Africa-Press – Tchad. Les ministres des Affaires étrangères des pays du groupe de « Développement de l’Afrique australe » (SADC) ont conclu leurs réunions à Skukuza, en Afrique du Sud, après trois jours de délibérations sur les répercussions des tensions géopolitiques mondiales sur les pays de la région.
La réunion, qui s’est tenue du 22 au 24 mai, a été convoquée sur décision du Conseil des ministres du groupe lors de sa réunion en Afrique du Sud en mars dernier, afin d’évaluer les effets des transformations internationales rapides sur les économies des pays d’Afrique australe ainsi que sur leur sécurité alimentaire et énergétique.

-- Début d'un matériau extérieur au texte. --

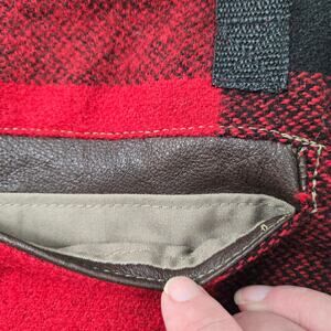 Handmade Buffalo Plaid Shoulder Bag Red Black Wool Feel Faux Leather Fall Winter

Dans la déclaration finale, les ministres ont souligné que l’escalade de la concurrence géopolitique, la guerre en Iran, la crise climatique, ainsi que les perturbations du commerce mondial et des secteurs de l’énergie, du tourisme et des systèmes financiers, sont des facteurs ayant conduit à l’augmentation des prix des denrées alimentaires et des combustibles, à une plus grande volatilité des taux de change, et à une élévation des risques menaçant la sécurité alimentaire et énergétique des pays du groupe.
Les ministres ont insisté sur la nécessité d’adopter un « mouvement collectif » qui renforce la capacité des pays de la région à faire face aux chocs extérieurs, en approfondissant l’intégration régionale, en coordonnant les politiques économiques et diplomatiques, et en renforçant les institutions régionales, permettant ainsi aux pays d’Afrique australe de s’exprimer d’une voix plus cohérente sur la scène internationale.

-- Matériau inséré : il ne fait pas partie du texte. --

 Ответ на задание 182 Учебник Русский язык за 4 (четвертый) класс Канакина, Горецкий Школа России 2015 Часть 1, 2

Les discussions ont porté sur cinq dossiers essentiels, parmi lesquels le financement de l’intégration régionale, l’investissement, la gestion de la dette publique, les opérations de fabrication, les chaînes commerciales, les infrastructures, le transport, les services logistiques, l’énergie, le pétrole, le gaz, les ressources minérales, ainsi que l’agriculture, les intrants agricoles, les chaînes d’approvisionnement, les marchés et la sécurité alimentaire.

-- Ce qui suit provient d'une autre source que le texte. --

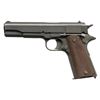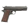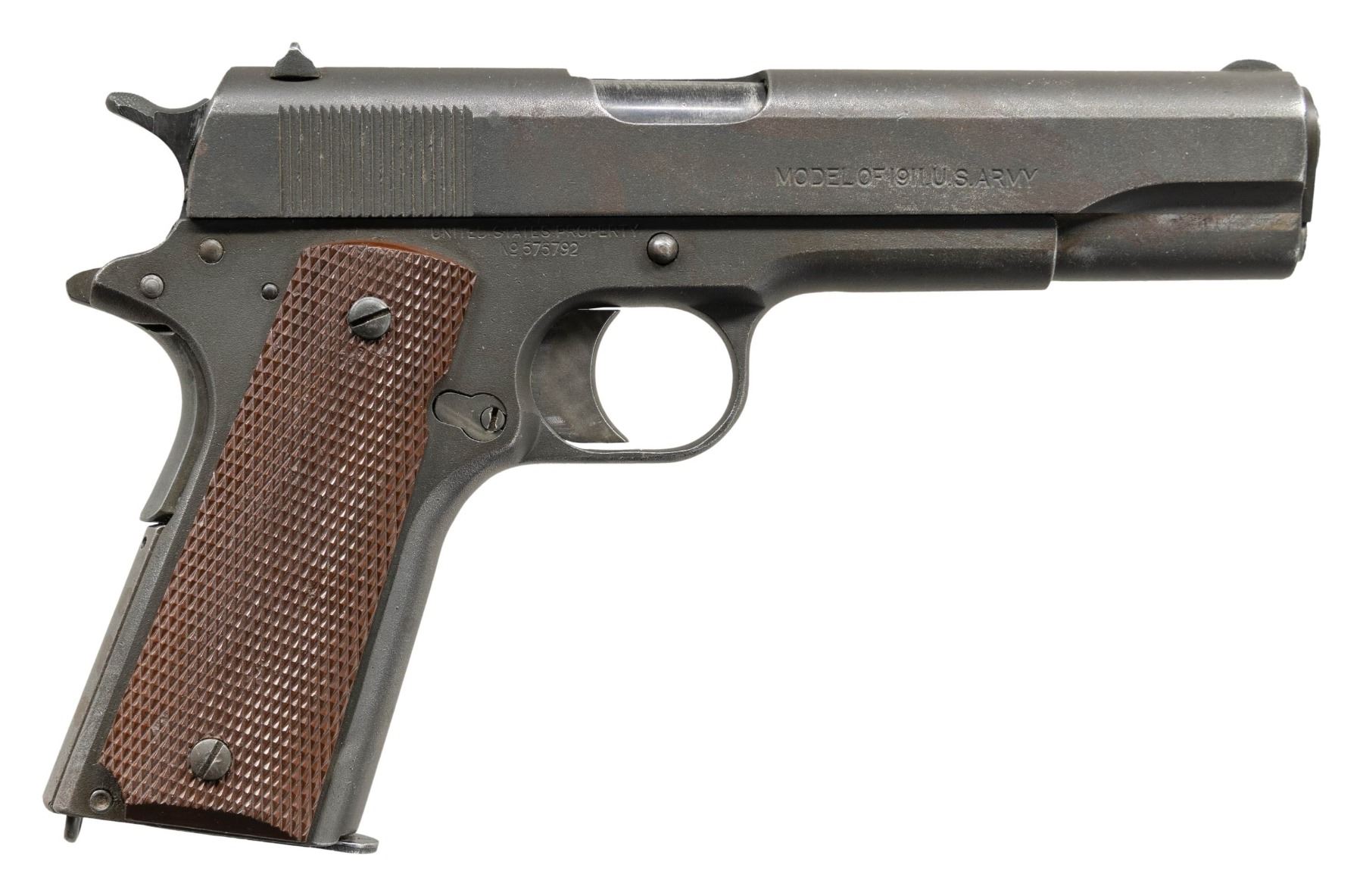 SEMI AUTO PISTOL. Cal. 45 ACP. S# 575792. Originally mfg. 1918; Partial "AA" stamp on left side of frame indicates Augusta Arsenal rebuild mark. Replacement parts include High Standard 5" barrel & Keyes Fiber grips. MAGS: 1 M.S. Little 7 rd. CONDITION: slide, frame & small parts have parkerized arsenal refinish with deep marks, edge wear & scratches. Very good grips. Fair barrel blue with good rifling showing light frosting & residue. PROVENANCE: The Esteemed Norm Greenberg Collection. (25-4165/MD). CURIO. $1,200-1,800.

Les ministres ont considéré que les résultats de la réunion de Skukuza devraient se transformer en une « feuille de route » pratique pour accélérer l’exécution et la coordination régionale, tout en renouvelant l’engagement envers la vision « SADC 2050 » visant à construire une région plus apte à réaliser le développement, à améliorer les niveaux de vie et à établir la paix et la sécurité en Afrique australe.